Por que tu não te candidatas, meu caro?


-Eu?


É, afinal, eu acredito que tu podes ser um bom gestor para essa cidade, de todos que eu conheço, tu és quem eu considero o melhor.


Juca Abelardo pensou por um breve instante e resolveu candidatar-se ao cargo de prefeito. Quando foi gravar sua campanha política, ele quis passar a impressão de alguém contra qualquer tipo de preconceito, então disse da seguinte forma:


-Eu sou contra o preconceito contra mulheres, contra os negros, contra os trabalhadores, contra os pobres...


Um de seus cabos eleitorais o avisou que a mensagem ficou, no mínimo, estranha, acreditando que, assim, todos pensariam que ele fosse contra várias classes de pessoas.


Na minha opinião, acredito que o melhor é que tu digas algo totalmente sincero, senhor, foi o que disse o cabo eleitoral.


-Tu tens razão, meu caro Encarregado para Assuntos de Opinião. Que tal eu dizer que não vou fazer nada, então?


Bom, talvez não tão sincero assim...


Pensando no que ia dizer na frente das câmeras, Juca Abelardo disse apenas:


-Conto com o teu voto para resolver os meus problemas!

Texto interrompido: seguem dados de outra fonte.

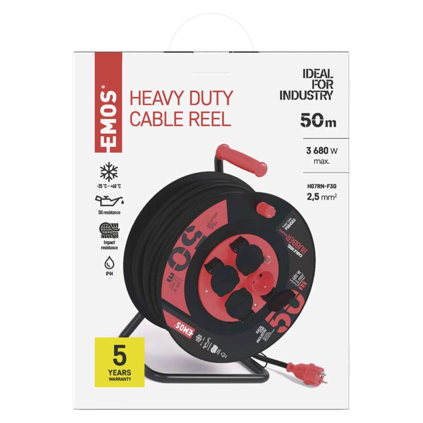 produkt: przedłużacz bębnowy, długość: 50 m, przekrój przewodów: 2,5 mm², napięcie: 230 V, prąd: 16 A, stopień ochrony: IP44, ilość gniazd: 4, typ izolacji: guma/neopren, bezpiecznik termiczny, żyła: H07RN-F, kolor: czarny, maks. obciążenie zwiniętego przedłużacza: 5,6 A max./1 300 W, maks. obciążenie rozwiniętego: 16 A max./3 680 W, przesłony torów prądowych: nie, wymiary: 300 mm, okres gwarancyjny: 5 lat, opakowanie: 1 szt., pudełko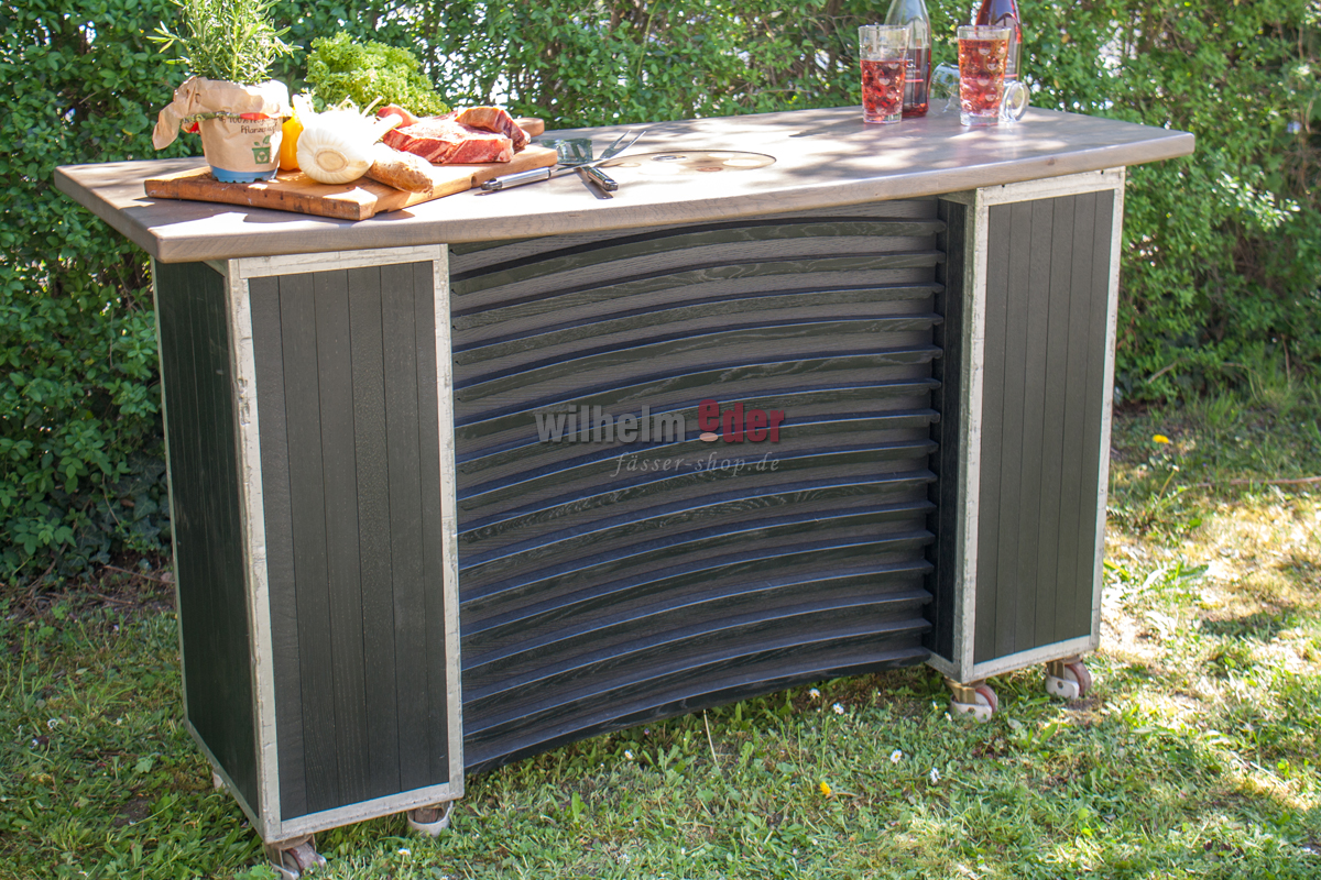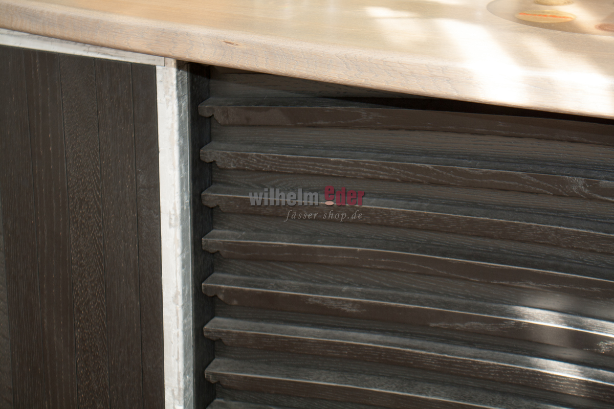 Front cladding: The front cladding of the counter consists of barrel staves and rounds off the appearance of the entire counter in an attractive way.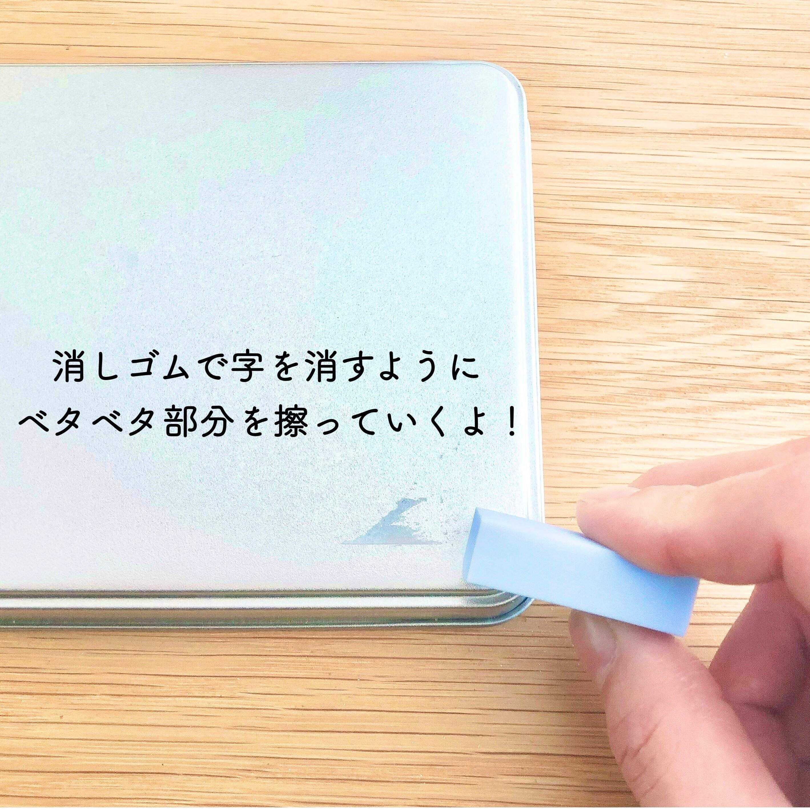 普通の消しゴムと同様、文字を消すように『シールのベタベタ消しゴム』でシールのベタベタしている部分を擦っていきます。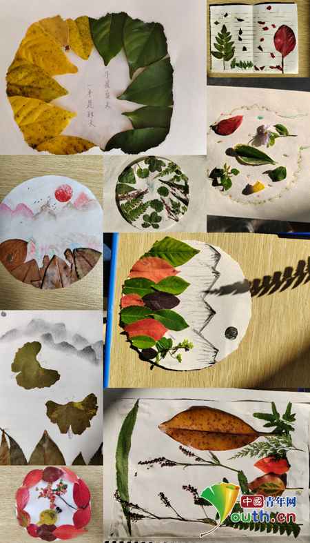 图为学生制作的树叶画。武科大研支团供图

O slogan de campanha caiu no gosto popular, em função de sua honestidade, e Juca Abelardo foi eleito com enorme vantagem para os demais concorrentes.


Em seu gabinete, já empossado prefeito de sua cidade, Juca Abelardo fumava um charuto, enquanto pensava em todas as suas conquistas. Tinha orgulho de ter resolvido sua vida de maneira satisfatória, e considerava isso justo, depois de tanto tempo de trabalho árduo. Era a justa recompensa de quem acredita que a vida é como deveria ser, e não como é.